- EXERCISE PROMPT -
Could you print the stretch of lines below from the one with "齐岳书记在会上作重要讲话。就" through the one with "兩岸紅十字青少年夏令營團員參觀園博會臺灣園蘭花館。(中國臺灣網發)", exactly as they stand and without any pictures?

- DATA PROVIDED -
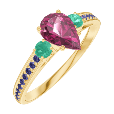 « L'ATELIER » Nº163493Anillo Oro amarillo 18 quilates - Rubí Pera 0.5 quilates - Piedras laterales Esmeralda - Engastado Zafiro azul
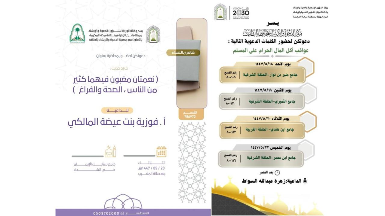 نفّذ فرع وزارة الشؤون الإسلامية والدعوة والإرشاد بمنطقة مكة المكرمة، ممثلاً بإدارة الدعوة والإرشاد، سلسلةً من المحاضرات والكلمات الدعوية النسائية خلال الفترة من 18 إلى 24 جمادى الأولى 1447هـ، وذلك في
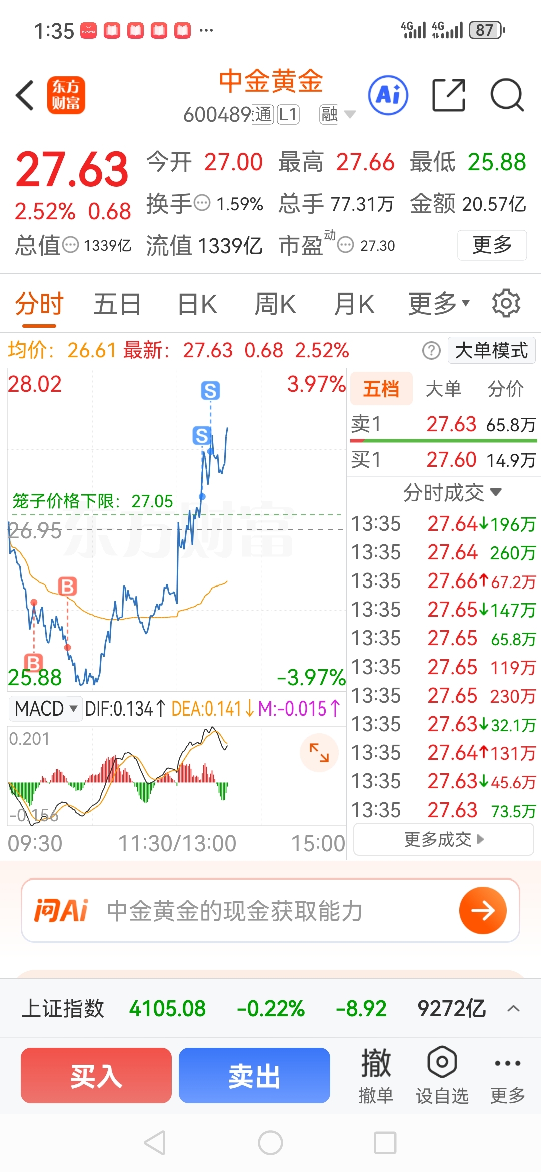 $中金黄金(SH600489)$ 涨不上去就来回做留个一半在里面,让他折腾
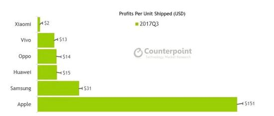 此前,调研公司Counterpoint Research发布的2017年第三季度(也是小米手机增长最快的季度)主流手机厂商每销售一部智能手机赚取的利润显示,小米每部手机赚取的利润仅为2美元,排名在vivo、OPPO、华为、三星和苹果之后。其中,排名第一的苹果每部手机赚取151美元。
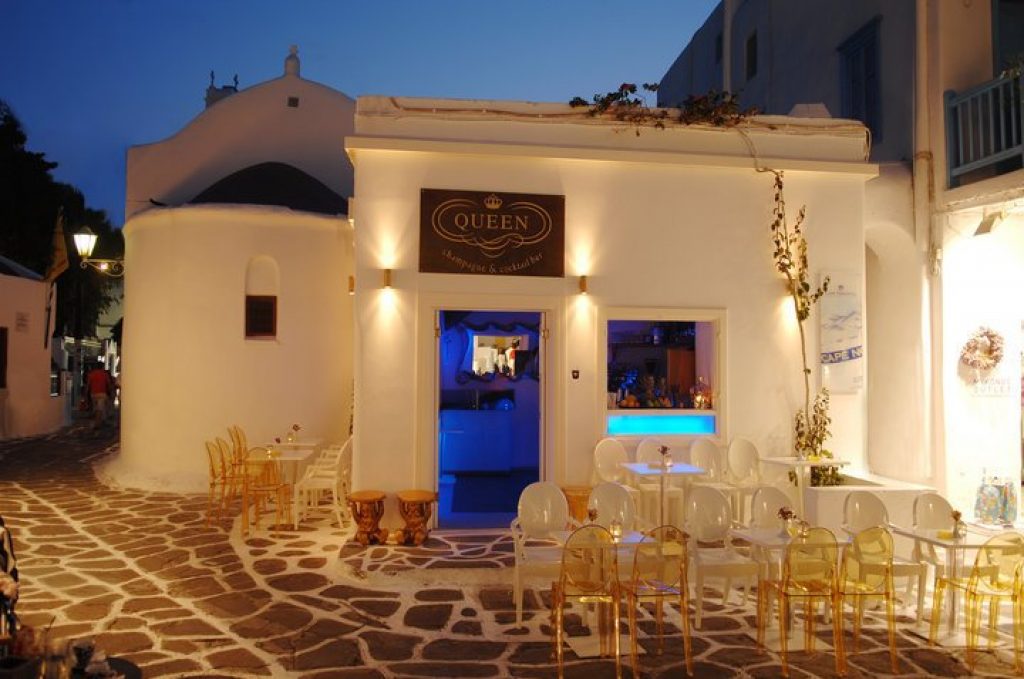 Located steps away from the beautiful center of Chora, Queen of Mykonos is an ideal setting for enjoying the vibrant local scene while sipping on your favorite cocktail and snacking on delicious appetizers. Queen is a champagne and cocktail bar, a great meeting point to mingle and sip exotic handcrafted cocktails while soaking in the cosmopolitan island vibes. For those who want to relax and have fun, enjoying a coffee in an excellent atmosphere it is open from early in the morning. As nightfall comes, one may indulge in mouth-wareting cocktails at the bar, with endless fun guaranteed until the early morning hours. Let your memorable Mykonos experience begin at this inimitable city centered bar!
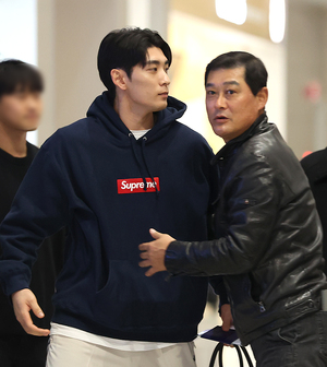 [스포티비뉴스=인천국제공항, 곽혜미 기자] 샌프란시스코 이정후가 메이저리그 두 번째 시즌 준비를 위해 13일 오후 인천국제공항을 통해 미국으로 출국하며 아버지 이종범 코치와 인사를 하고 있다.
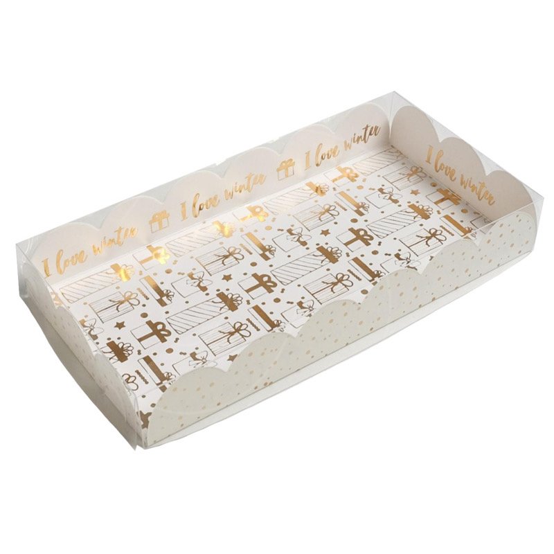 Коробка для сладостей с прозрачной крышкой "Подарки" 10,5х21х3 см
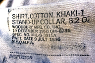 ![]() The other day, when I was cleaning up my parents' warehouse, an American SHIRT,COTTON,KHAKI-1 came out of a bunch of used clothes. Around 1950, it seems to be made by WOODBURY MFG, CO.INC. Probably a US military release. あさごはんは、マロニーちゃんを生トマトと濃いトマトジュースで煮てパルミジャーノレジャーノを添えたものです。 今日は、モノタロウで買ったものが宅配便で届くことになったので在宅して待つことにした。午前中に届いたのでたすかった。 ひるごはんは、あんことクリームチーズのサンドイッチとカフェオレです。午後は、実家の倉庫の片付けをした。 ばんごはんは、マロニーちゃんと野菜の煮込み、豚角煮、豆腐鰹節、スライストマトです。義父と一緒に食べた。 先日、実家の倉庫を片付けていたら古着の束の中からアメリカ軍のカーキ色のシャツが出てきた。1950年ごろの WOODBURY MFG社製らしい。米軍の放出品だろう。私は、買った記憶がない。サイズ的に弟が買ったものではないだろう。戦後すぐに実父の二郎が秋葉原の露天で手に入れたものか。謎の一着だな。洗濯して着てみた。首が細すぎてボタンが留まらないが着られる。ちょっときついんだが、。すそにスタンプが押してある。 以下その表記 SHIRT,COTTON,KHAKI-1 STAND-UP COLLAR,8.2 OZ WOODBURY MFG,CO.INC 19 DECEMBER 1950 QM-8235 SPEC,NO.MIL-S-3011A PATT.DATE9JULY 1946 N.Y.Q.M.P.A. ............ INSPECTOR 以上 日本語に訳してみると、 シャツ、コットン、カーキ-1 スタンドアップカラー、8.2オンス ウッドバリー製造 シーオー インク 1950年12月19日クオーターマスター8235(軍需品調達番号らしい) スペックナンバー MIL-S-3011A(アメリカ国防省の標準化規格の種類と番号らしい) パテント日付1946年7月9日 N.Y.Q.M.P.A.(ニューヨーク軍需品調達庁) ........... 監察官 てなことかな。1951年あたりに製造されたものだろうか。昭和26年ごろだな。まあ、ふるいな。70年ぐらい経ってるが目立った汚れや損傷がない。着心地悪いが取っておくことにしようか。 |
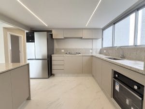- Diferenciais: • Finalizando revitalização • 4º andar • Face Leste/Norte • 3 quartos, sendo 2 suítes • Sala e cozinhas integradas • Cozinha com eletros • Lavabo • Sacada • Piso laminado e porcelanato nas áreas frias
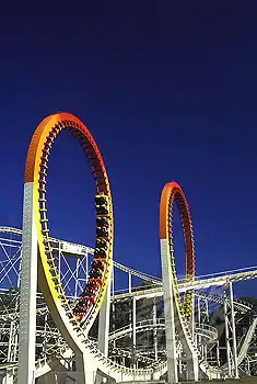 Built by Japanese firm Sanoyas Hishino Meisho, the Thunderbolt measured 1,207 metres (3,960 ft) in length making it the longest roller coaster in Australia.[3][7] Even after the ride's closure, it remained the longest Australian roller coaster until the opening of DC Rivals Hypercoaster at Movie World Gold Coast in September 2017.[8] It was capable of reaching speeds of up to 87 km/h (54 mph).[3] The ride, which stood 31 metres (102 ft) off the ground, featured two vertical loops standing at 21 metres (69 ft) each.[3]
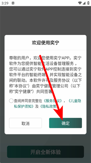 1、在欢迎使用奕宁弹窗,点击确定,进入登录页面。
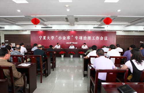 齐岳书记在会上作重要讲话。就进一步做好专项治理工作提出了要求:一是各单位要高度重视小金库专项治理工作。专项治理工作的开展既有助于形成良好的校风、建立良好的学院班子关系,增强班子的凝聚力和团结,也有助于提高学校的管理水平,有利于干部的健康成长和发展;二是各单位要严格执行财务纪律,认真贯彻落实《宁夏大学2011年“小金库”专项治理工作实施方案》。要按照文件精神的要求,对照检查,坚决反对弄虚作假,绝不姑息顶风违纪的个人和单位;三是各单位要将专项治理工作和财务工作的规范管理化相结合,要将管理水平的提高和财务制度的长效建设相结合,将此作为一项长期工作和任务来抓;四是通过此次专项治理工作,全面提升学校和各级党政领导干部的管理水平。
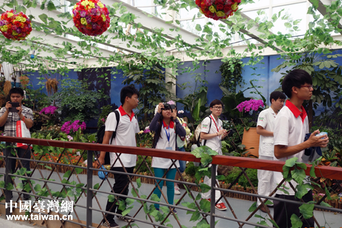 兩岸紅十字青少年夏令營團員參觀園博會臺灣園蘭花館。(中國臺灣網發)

---

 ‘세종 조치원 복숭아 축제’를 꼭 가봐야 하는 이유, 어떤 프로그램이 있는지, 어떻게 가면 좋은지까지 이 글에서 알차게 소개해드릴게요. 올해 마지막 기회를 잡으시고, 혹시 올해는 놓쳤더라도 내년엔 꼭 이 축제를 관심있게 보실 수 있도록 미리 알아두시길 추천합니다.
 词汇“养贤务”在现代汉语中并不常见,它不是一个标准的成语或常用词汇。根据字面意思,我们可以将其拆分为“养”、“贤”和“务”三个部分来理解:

- SOLUTION TO THIS TASK -
 齐岳书记在会上作重要讲话。就进一步做好专项治理工作提出了要求:一是各单位要高度重视小金库专项治理工作。专项治理工作的开展既有助于形成良好的校风、建立良好的学院班子关系,增强班子的凝聚力和团结,也有助于提高学校的管理水平,有利于干部的健康成长和发展;二是各单位要严格执行财务纪律,认真贯彻落实《宁夏大学2011年“小金库”专项治理工作实施方案》。要按照文件精神的要求,对照检查,坚决反对弄虚作假,绝不姑息顶风违纪的个人和单位;三是各单位要将专项治理工作和财务工作的规范管理化相结合,要将管理水平的提高和财务制度的长效建设相结合,将此作为一项长期工作和任务来抓;四是通过此次专项治理工作,全面提升学校和各级党政领导干部的管理水平。
 兩岸紅十字青少年夏令營團員參觀園博會臺灣園蘭花館。(中國臺灣網發)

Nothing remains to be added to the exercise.